The Bills intended to savor their first brush with the Super Bowl stage.

“I want all the media I can get while I’m here,” Bennett told the press that week. “I won’t turn a reporter down while I’m here.”

Bennett was not alone in basking beneath the spotlight. Jim Kelly drew the most media attention, and the Bills quarterback gave them plenty to report on. Hours after the Bills plane landed, Kelly and Lawrence Taylor—one of the Giants who would be chasing him on Sunday—served as judges for a “beauty contest” at Thee Dollhouse Lounge, a local Tampa strip club. Another compelling angle for reporters was the identity of one of Kelly’s special guests to the Super Bowl: Sandi Korn, who reportedly once dated Kelly’s former USFL boss, Donald Trump. (Under the pseudonym Sandra Taylor, Korn would be Penthouse’s Pet of the Month that March.)

“I’m going to enjoy myself like everyone else,” said Kelly. “Hey, I’m single, I think you can enjoy yourself and stay focused. It remains a business trip.”

Kelly openly mingling with beautiful, half-clad women would have been enough for the already-established Joe Namath comparisons to swell. But reporters weren’t satisfied.

Surrounded that week by dozens of interviewers—including one who asked “Joe, Joe, what do you think of all these questions?”—Kelly spoke with trademark confidence.

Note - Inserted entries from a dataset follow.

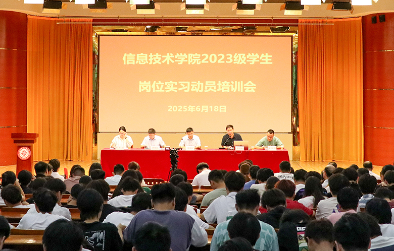 为切实做好学生岗位实习管理工作,确保实习质量,6月18日下午,信息技术学院在图文一楼报告厅组织召开信息技术学院2023级学生岗位实习动员培训暨安全教育大会。会议采用“线上+线下”相结合的模式,除主会场以外,同时在3个智慧教室设置了视频分会场,组织学生通过网络直播同步收看。信息技术学院行政管理人员、专业建设负责人、实习指导老师、2023级辅导员及全体799名学生参加了会议,会议由信息技术学院副院长熊祖涛主持。
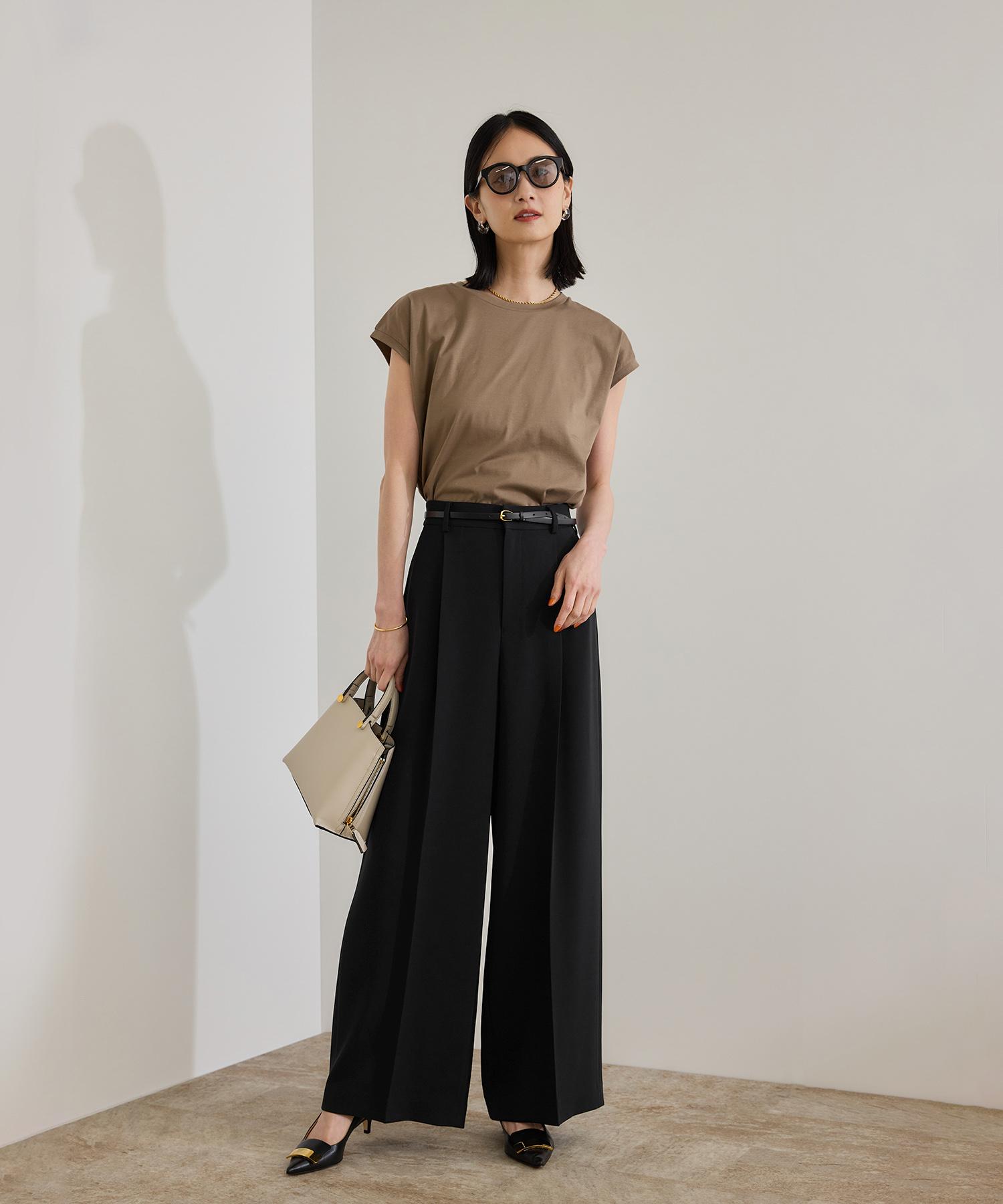 シャツブラウスやジャケットとセットアップ対応。ウエストゴムで楽に穿けて、すっきり見えが叶うストレスフリーなワイドパンツ。ツータックの立体感と、ヒップや腿まわりをきれいに見せる計算されたシルエットが魅力。ウエストコードでサイズ調整も可能。同色サテンのさりげない艶感が上品さを添え、ニットやカットソーとも好相性な着回し力の高い一本です。
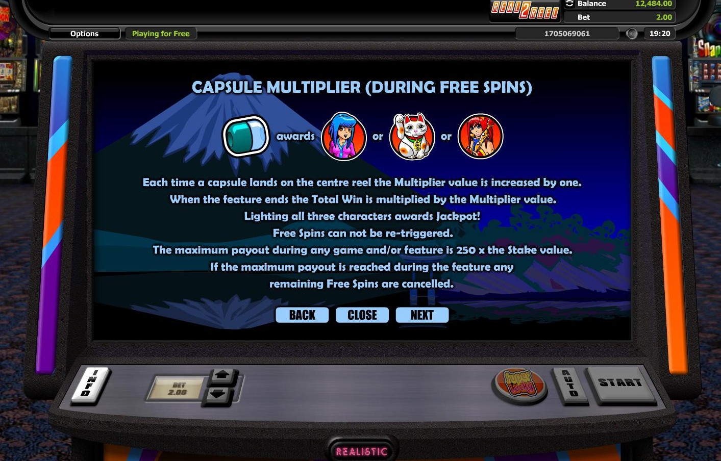 Бонусный раунд начнется, если у вас выпадет три одинаковых символа с капсулами. Если же капсула выпадет во время бонусного раунда бесплатных вращений, вспыхнет подсветка одного из персонажей и мультипликатор увеличится. Если же вам повезет и все три капсулы появятся на интерфейсе, то вы получите джекпот. В этот момент будут зажжены все три символа персонажей. По окончанию бонусной игры, общий выигрыш увеличится на размер выигрыша, умноженный на коэффициент мультипликатора. Бесплатные спины не запускаются заново, как это бывает в других играх. Максимальная выплата в игре 250 ставок. Если ваш выигрыш уже составил ставку 250х, тогда оставшиеся бесплатные спины просто сгорают.
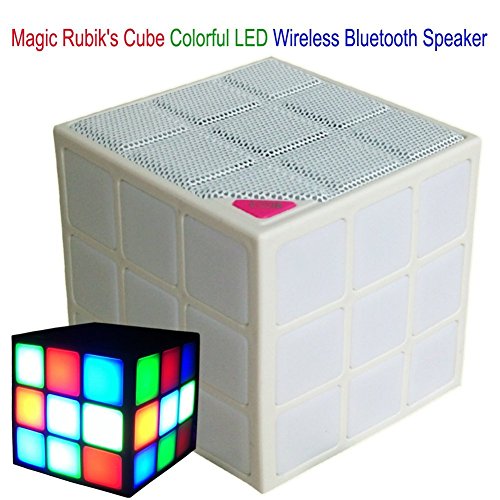 [Upgrade Version] New Wayzon Magic Rubik's Cube Portable LED RGB Light Deep Bass Bluetooth 4.0 Wireless Speakers with Build in Microphone Hands-free Function TF Card Mode(White)
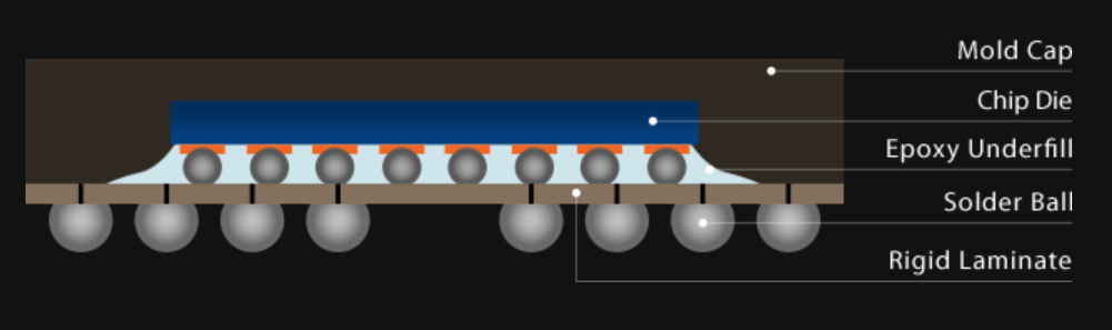 칩과 기판을 연결하는 방법에 따라 FBGA(Fine Ball Grid Array), FCBGA(Flip Chip BGA), BOC(Board On Chip) 등의 종류로 나누어집니다.
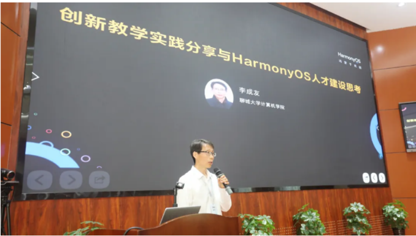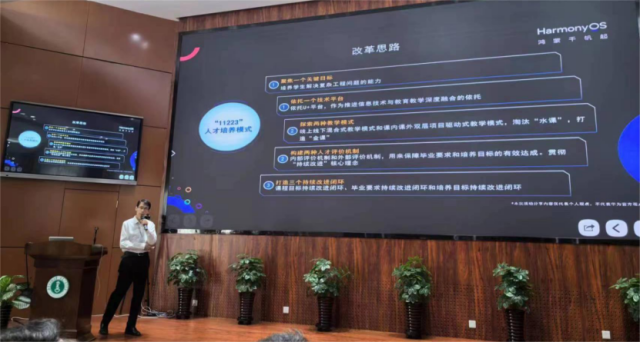 李成友以《创新教学实践分享与HarmonyOS人才建设思考》为题,分享了新工科建设和鸿蒙快速崛起的背景下,面对高校人才培养方面存在的共性问题,龙8-long8(中国)唯一官方网站开展“11223”人才培养模式的探索与实践。
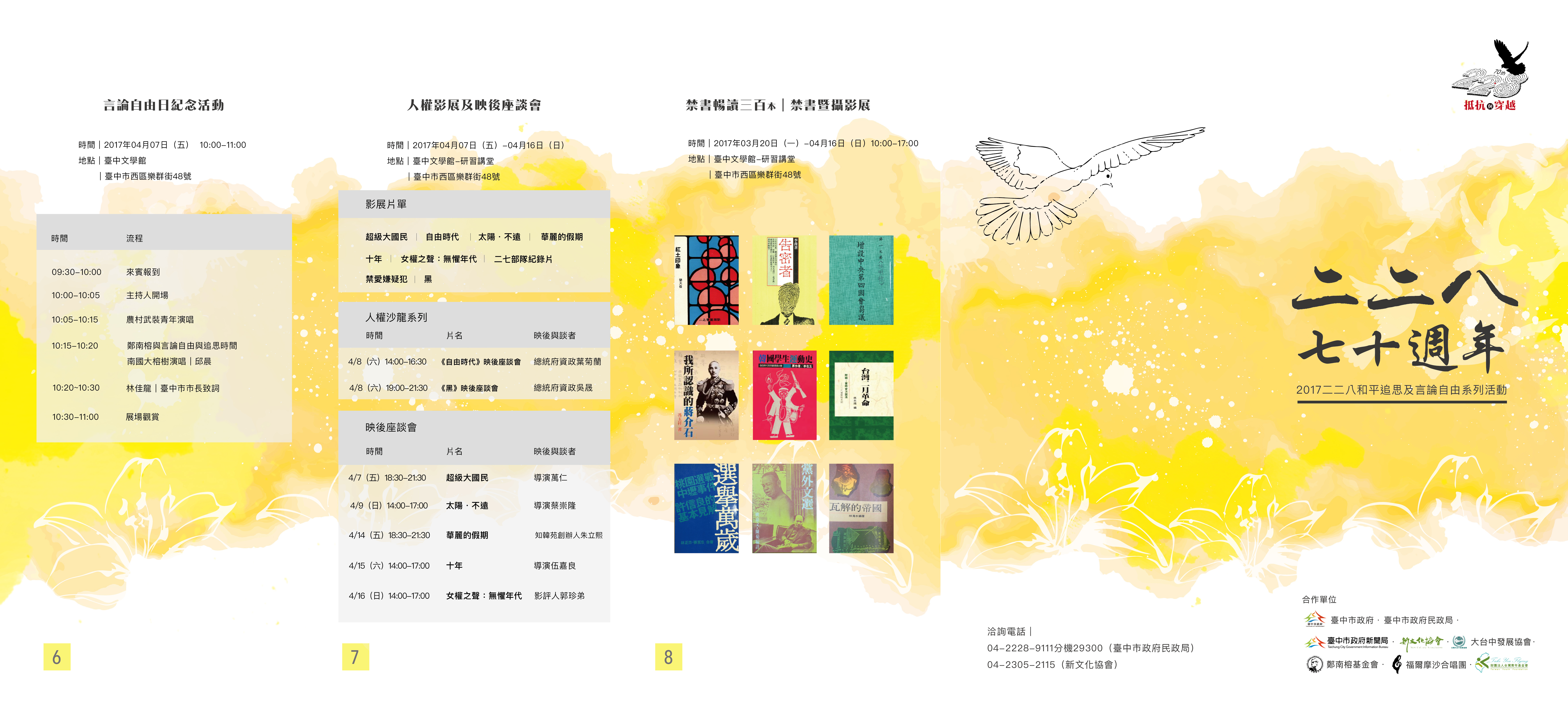 辦理二二八事件70週年暨言論自由日相關紀念活動,106年2月27日至4月16日規劃人權文化季系列活動。

“Our goal is not to be in Tampa. Our goal is to win in Tampa. If we execute as we should, we should have no problems.”

Some reporters translated his comment into a guarantee. The Newport News Daily Press ran that quote beneath a headline “Report: Bills QB Almost Pulls a Namath.” Too great was the temptation of sensationalizing another western Pennsylvania-born quarterback who guaranteed victory during Super Bowl week in Florida.

Kelly’s cryptic “promise” of victory came on Tuesday, during the NFL’s prearranged extensive press session. For every player and coach, Media Day, as it became known, was mandatory. At age sixty-two, head coach Marv Levy didn’t bother attending. He had waited a long time to get to the Super Bowl and didn’t want to waste precious time talking with reporters.

Two seasons of high-school coaching and two more as an assistant at his alma mater, Coe College, prepared Levy to take over as head coach at the University of New Mexico in 1958. Consecutive winning seasons for the Lobos gave way to a more prominent gig, rebuilding the University of California. But in four seasons at Berkeley, the Bears posted eight wins in forty games and he resigned “in the best interests of the university.” Arguably, his finest accomplishment at Cal came away from the gridiron. In February 1960, he gave Fremont High School’s head coach, Bill Walsh, his first collegiate job.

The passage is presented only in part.